Your objective | Please go line by line and repeat the data below exactly, with no images.

(Stored records)
* * *

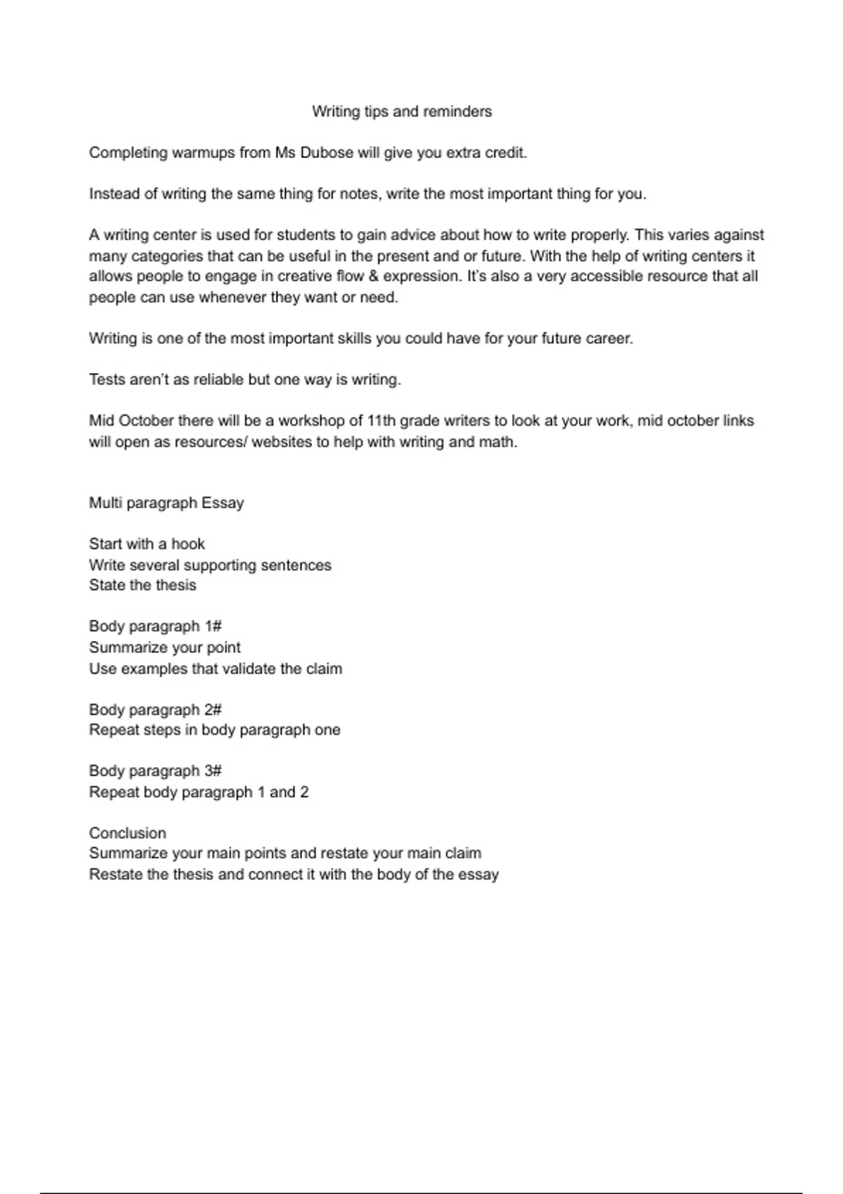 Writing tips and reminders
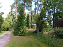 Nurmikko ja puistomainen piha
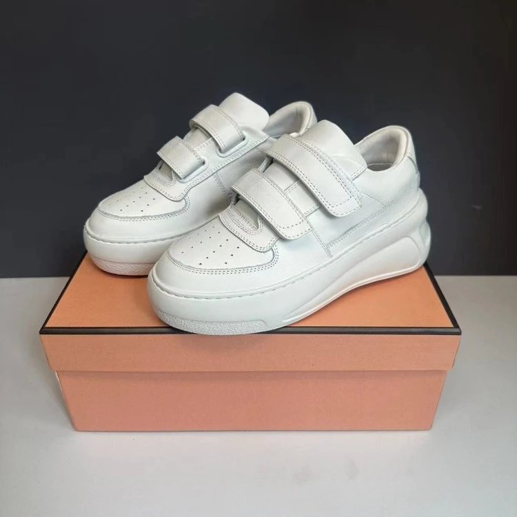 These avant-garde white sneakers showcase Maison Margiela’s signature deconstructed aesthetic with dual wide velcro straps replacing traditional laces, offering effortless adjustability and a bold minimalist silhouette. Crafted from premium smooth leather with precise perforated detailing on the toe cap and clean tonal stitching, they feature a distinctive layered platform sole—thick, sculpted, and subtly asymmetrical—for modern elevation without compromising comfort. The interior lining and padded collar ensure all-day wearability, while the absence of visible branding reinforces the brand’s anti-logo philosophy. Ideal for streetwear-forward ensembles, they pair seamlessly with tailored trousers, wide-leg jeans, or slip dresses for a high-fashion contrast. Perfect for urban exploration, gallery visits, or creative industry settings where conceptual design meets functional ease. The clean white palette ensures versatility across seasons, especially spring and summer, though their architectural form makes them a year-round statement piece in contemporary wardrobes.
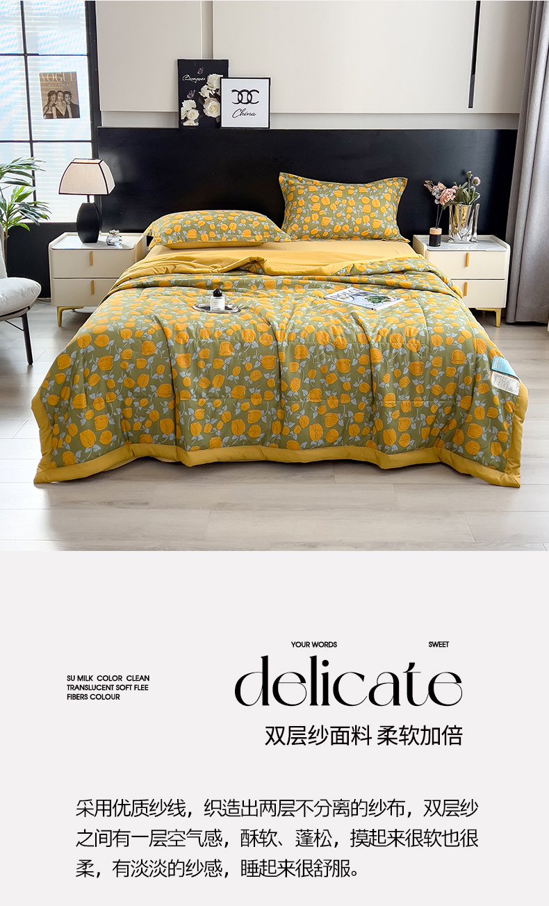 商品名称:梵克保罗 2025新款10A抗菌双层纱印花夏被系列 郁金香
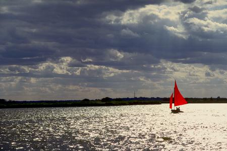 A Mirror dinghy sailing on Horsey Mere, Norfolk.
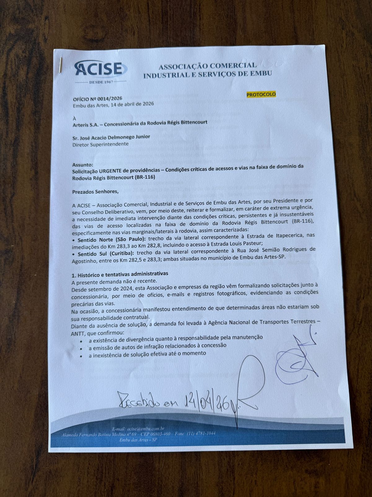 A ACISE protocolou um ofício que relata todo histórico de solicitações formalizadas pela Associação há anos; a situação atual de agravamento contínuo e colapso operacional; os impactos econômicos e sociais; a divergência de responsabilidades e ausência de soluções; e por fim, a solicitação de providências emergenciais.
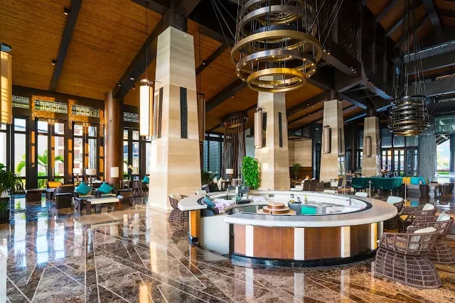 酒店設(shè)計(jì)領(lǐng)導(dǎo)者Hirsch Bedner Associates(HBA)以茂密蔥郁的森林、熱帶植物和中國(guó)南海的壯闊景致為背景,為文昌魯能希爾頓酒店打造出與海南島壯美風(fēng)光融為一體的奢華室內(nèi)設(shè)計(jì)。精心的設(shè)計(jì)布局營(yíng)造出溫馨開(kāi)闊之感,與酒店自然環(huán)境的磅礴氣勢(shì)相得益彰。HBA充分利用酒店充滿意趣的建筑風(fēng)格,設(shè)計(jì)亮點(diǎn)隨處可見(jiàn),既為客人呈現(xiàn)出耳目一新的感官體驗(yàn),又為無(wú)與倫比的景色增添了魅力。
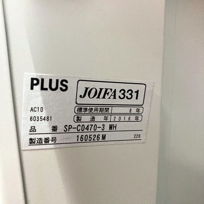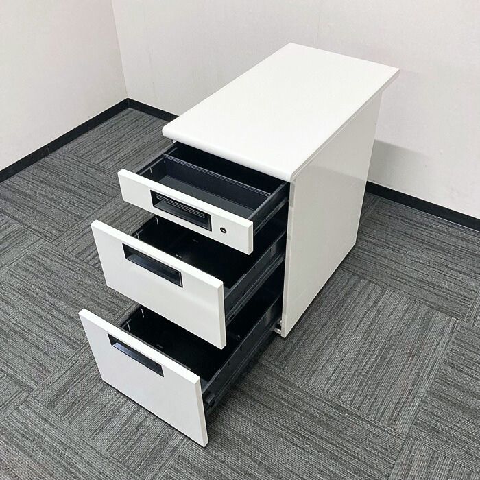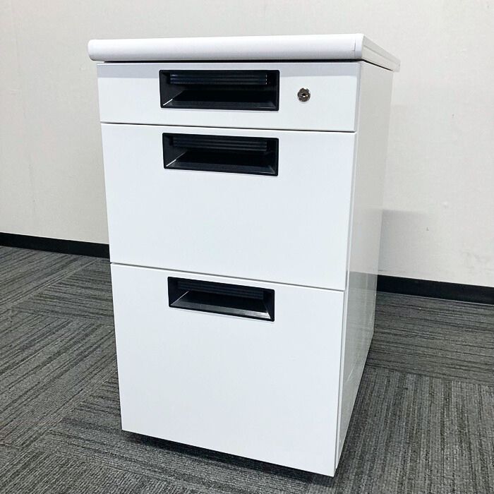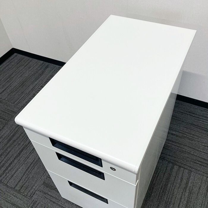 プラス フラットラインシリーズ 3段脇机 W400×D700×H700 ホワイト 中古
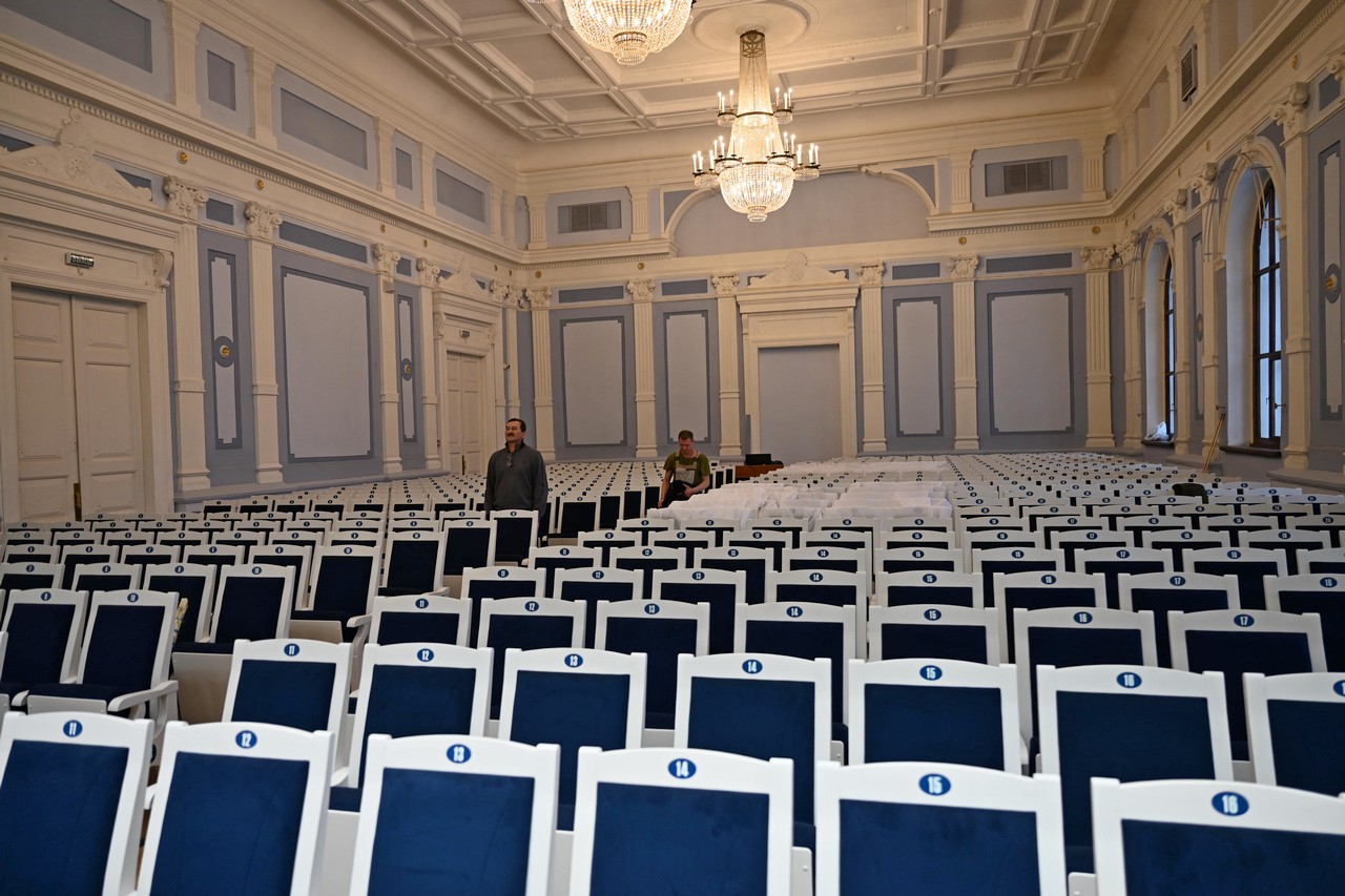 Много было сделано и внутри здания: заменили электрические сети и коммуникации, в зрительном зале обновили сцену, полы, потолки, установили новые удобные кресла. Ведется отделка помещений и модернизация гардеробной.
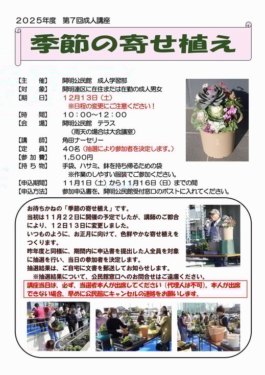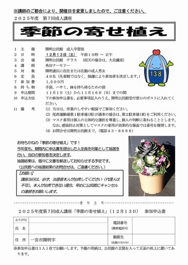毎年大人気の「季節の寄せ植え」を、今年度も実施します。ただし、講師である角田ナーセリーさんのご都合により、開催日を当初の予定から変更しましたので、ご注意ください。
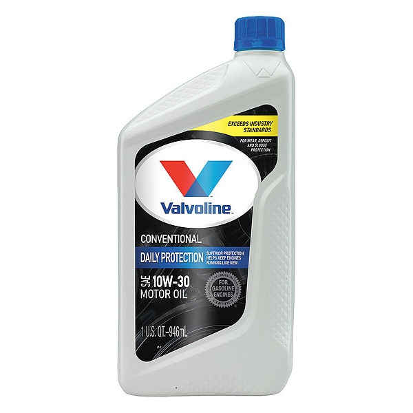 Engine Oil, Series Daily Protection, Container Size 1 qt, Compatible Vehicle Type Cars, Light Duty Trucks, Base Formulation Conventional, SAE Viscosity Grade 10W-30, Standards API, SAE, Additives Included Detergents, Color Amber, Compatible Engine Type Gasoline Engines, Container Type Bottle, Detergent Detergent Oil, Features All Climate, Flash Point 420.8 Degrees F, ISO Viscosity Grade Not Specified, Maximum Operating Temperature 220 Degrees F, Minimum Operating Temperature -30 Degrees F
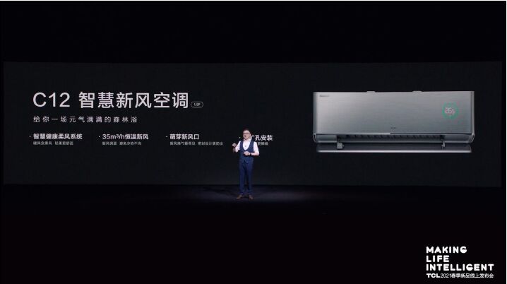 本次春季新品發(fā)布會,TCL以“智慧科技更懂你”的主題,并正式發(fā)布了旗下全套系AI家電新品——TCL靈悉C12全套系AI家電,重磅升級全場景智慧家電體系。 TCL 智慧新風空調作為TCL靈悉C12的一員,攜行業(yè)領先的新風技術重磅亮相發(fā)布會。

* * *

Solution |
 Writing tips and reminders
 Nurmikko ja puistomainen piha
 These avant-garde white sneakers showcase Maison Margiela’s signature deconstructed aesthetic with dual wide velcro straps replacing traditional laces, offering effortless adjustability and a bold minimalist silhouette. Crafted from premium smooth leather with precise perforated detailing on the toe cap and clean tonal stitching, they feature a distinctive layered platform sole—thick, sculpted, and subtly asymmetrical—for modern elevation without compromising comfort. The interior lining and padded collar ensure all-day wearability, while the absence of visible branding reinforces the brand’s anti-logo philosophy. Ideal for streetwear-forward ensembles, they pair seamlessly with tailored trousers, wide-leg jeans, or slip dresses for a high-fashion contrast. Perfect for urban exploration, gallery visits, or creative industry settings where conceptual design meets functional ease. The clean white palette ensures versatility across seasons, especially spring and summer, though their architectural form makes them a year-round statement piece in contemporary wardrobes.
 商品名称:梵克保罗 2025新款10A抗菌双层纱印花夏被系列 郁金香
 A Mirror dinghy sailing on Horsey Mere, Norfolk.
 A ACISE protocolou um ofício que relata todo histórico de solicitações formalizadas pela Associação há anos; a situação atual de agravamento contínuo e colapso operacional; os impactos econômicos e sociais; a divergência de responsabilidades e ausência de soluções; e por fim, a solicitação de providências emergenciais.
 酒店設(shè)計(jì)領(lǐng)導(dǎo)者Hirsch Bedner Associates(HBA)以茂密蔥郁的森林、熱帶植物和中國(guó)南海的壯闊景致為背景,為文昌魯能希爾頓酒店打造出與海南島壯美風(fēng)光融為一體的奢華室內(nèi)設(shè)計(jì)。精心的設(shè)計(jì)布局營(yíng)造出溫馨開(kāi)闊之感,與酒店自然環(huán)境的磅礴氣勢(shì)相得益彰。HBA充分利用酒店充滿意趣的建筑風(fēng)格,設(shè)計(jì)亮點(diǎn)隨處可見(jiàn),既為客人呈現(xiàn)出耳目一新的感官體驗(yàn),又為無(wú)與倫比的景色增添了魅力。
 プラス フラットラインシリーズ 3段脇机 W400×D700×H700 ホワイト 中古
 Много было сделано и внутри здания: заменили электрические сети и коммуникации, в зрительном зале обновили сцену, полы, потолки, установили новые удобные кресла. Ведется отделка помещений и модернизация гардеробной.
毎年大人気の「季節の寄せ植え」を、今年度も実施します。ただし、講師である角田ナーセリーさんのご都合により、開催日を当初の予定から変更しましたので、ご注意ください。
 Engine Oil, Series Daily Protection, Container Size 1 qt, Compatible Vehicle Type Cars, Light Duty Trucks, Base Formulation Conventional, SAE Viscosity Grade 10W-30, Standards API, SAE, Additives Included Detergents, Color Amber, Compatible Engine Type Gasoline Engines, Container Type Bottle, Detergent Detergent Oil, Features All Climate, Flash Point 420.8 Degrees F, ISO Viscosity Grade Not Specified, Maximum Operating Temperature 220 Degrees F, Minimum Operating Temperature -30 Degrees F
 本次春季新品發(fā)布會,TCL以“智慧科技更懂你”的主題,并正式發(fā)布了旗下全套系AI家電新品——TCL靈悉C12全套系AI家電,重磅升級全場景智慧家電體系。 TCL 智慧新風空調作為TCL靈悉C12的一員,攜行業(yè)領先的新風技術重磅亮相發(fā)布會。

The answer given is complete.